"we don't need empirical evidence to know that at some point interest payments will require highter tax revenues which will reduce disposable income and hence consumption."
We always need empirical evidence. For your example, no, we don't know that, e.g. when the debt is monetized by the central bank. A bias towards sovereign debt elimination may be more dangerous than a bias towards sovereign debt accumulation - empirical evidence, not intuition, is how we validate the models that guide our trade-offs.
We will never have empirical evidence (with any predictive power) for what really happens if the biggest economy in the world, the one that provides the reserve currency, the preeminent military power, goes bust, because the sample size is 1.
[Edit] And about your counter example: We do know that sovereign debt accumulation will eventually become impossible, so it's not relevant whether or not it would be beneficial. Once domestic lenders (who can be forced to lend) are exhausted, the government will have to borrow from foreigners in foreign currency under foreign law.
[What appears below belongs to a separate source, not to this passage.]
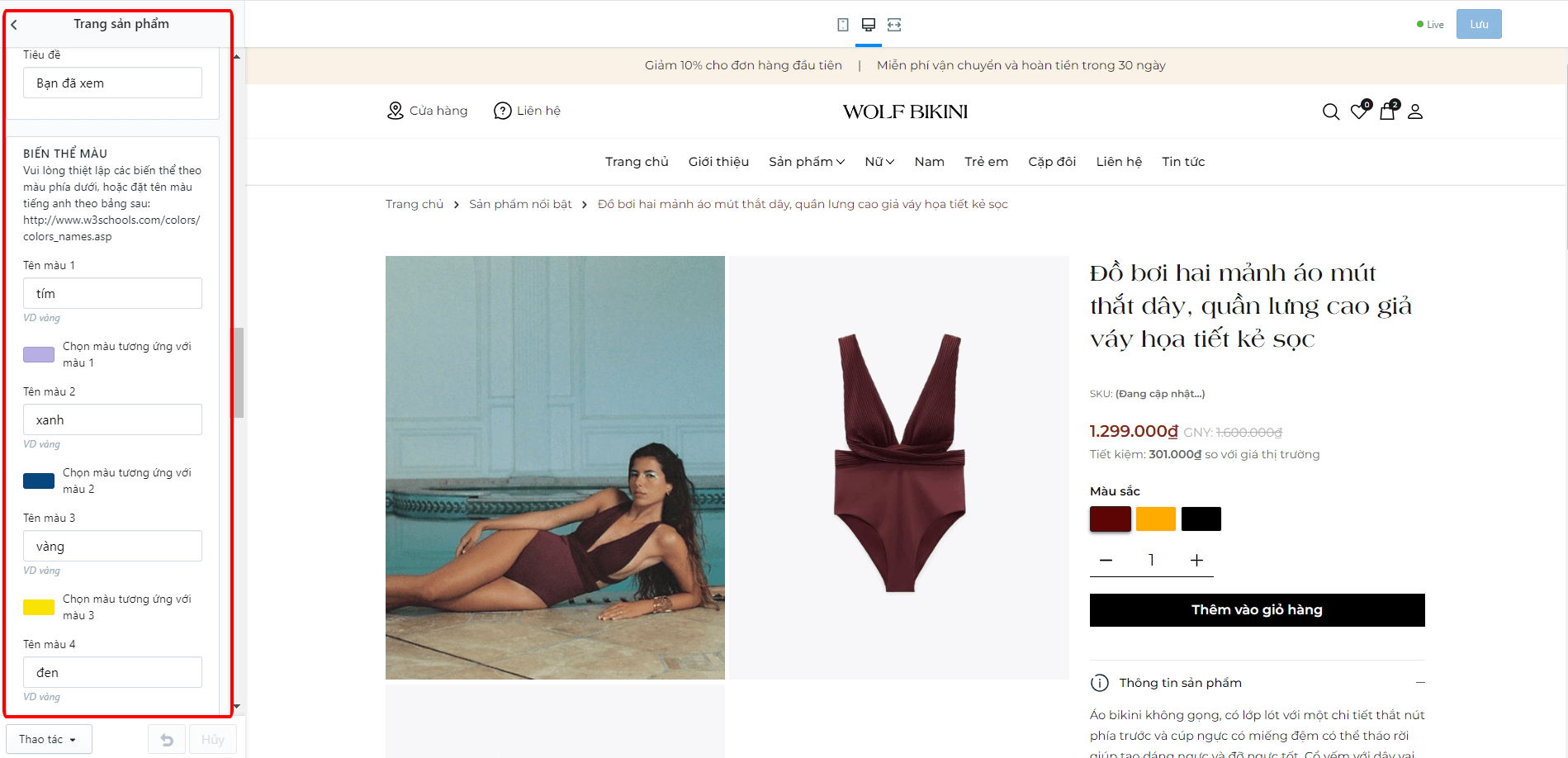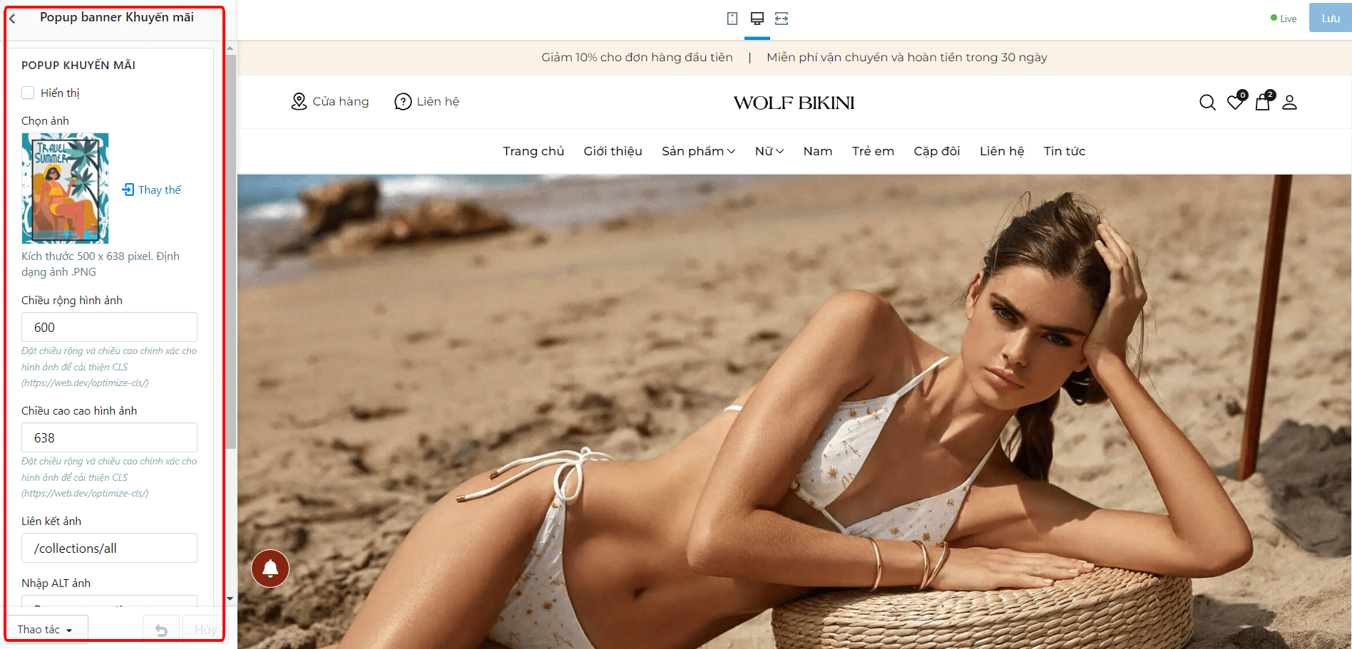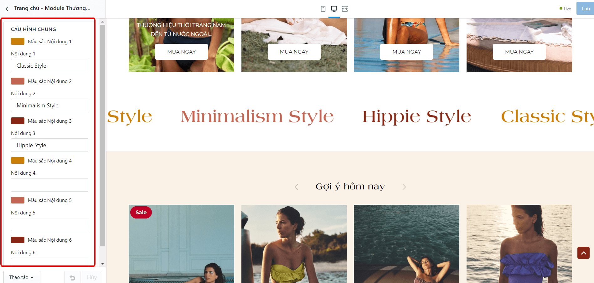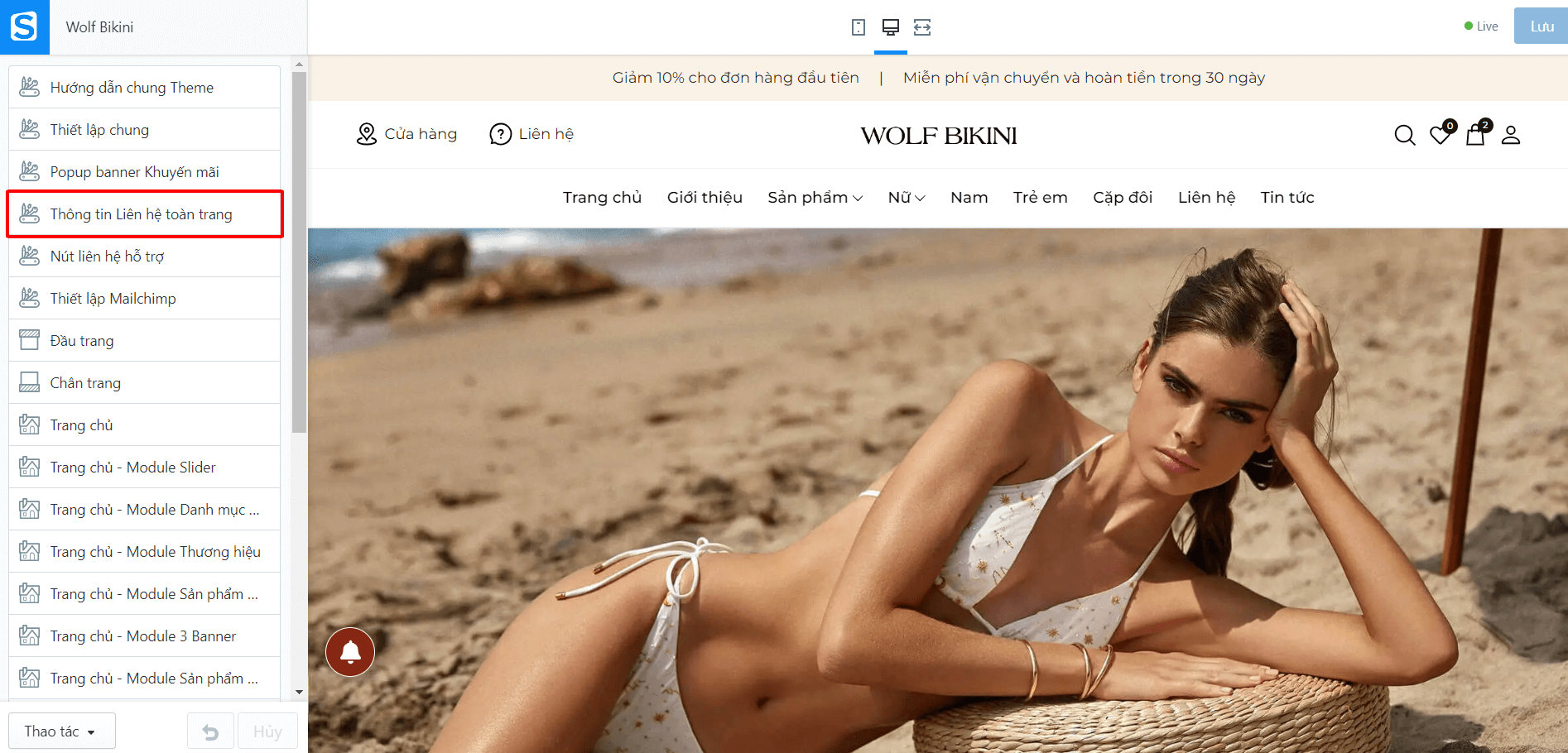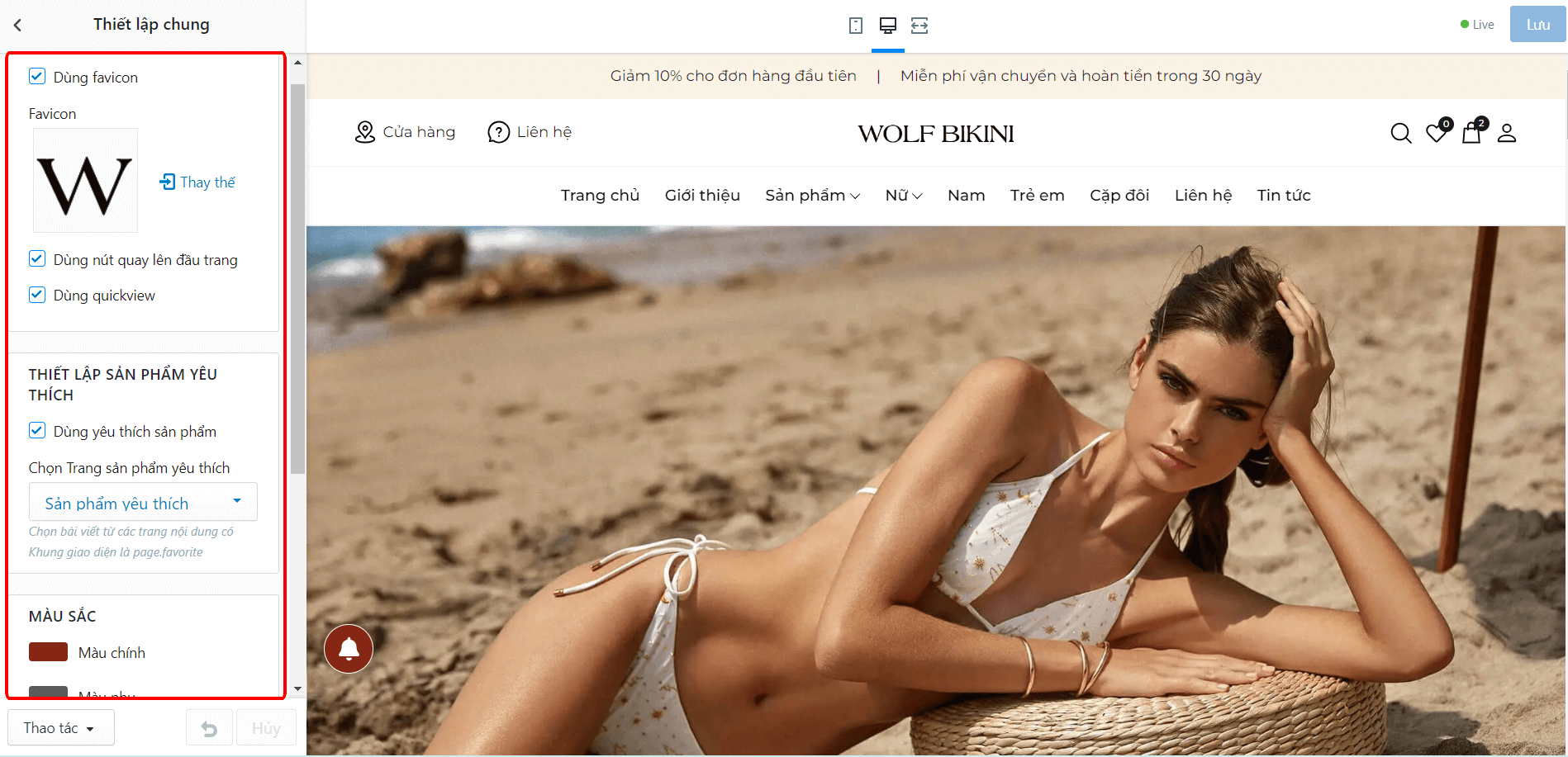 Hướng dẫn thiết lập các mục cơ bản như Logo, Thông tin liên hệ, Màu sắc, Popup Khuyến mãi, Nút liên hệ, Đầu trang, Chân trang

So debt accumulation is only possible as long as foreigners are willing to lend.
A nit-pick, but also maybe a useful FYI, "sovereign debt" is different than public/national debt.
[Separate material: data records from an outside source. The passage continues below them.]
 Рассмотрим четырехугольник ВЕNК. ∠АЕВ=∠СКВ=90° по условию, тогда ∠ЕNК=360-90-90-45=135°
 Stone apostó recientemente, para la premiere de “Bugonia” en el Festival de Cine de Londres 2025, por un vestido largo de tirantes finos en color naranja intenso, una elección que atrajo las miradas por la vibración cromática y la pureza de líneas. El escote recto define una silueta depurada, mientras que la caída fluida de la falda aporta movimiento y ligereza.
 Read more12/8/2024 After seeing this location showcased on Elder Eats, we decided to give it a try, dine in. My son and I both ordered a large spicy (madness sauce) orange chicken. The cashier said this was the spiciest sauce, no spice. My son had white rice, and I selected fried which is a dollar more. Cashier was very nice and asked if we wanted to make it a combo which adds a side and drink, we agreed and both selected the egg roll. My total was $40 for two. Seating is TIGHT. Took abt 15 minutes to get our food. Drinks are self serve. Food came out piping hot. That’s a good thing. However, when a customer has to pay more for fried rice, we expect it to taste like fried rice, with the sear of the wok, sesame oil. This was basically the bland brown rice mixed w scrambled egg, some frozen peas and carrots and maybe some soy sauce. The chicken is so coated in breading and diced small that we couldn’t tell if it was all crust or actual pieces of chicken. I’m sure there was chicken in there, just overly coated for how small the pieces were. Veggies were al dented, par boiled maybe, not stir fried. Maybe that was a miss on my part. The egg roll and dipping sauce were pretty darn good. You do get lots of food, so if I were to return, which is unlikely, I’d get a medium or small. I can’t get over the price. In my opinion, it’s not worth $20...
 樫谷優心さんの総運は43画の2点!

The US doesn't issue sovereign debt AFAIK, and you cannot just print more money to repay sovereign debt, that's the whole point of it. (Sovereign debt by definition is issued in a foreign currency.)
Correction: 74% of the American population carries net debt, even if it's "good debt". Inflation would act as a mini-jubilee to rebalance the economy between producers and financiers.
We always need empirical evidence. For your example, no, we don't know that, e.g. when the debt is monetized by the central bank. A bias towards sovereign debt elimination may be more dangerous than a bias towards sovereign debt accumulation - empirical evidence, not intuition, is how we validate the models that guide our trade-offs.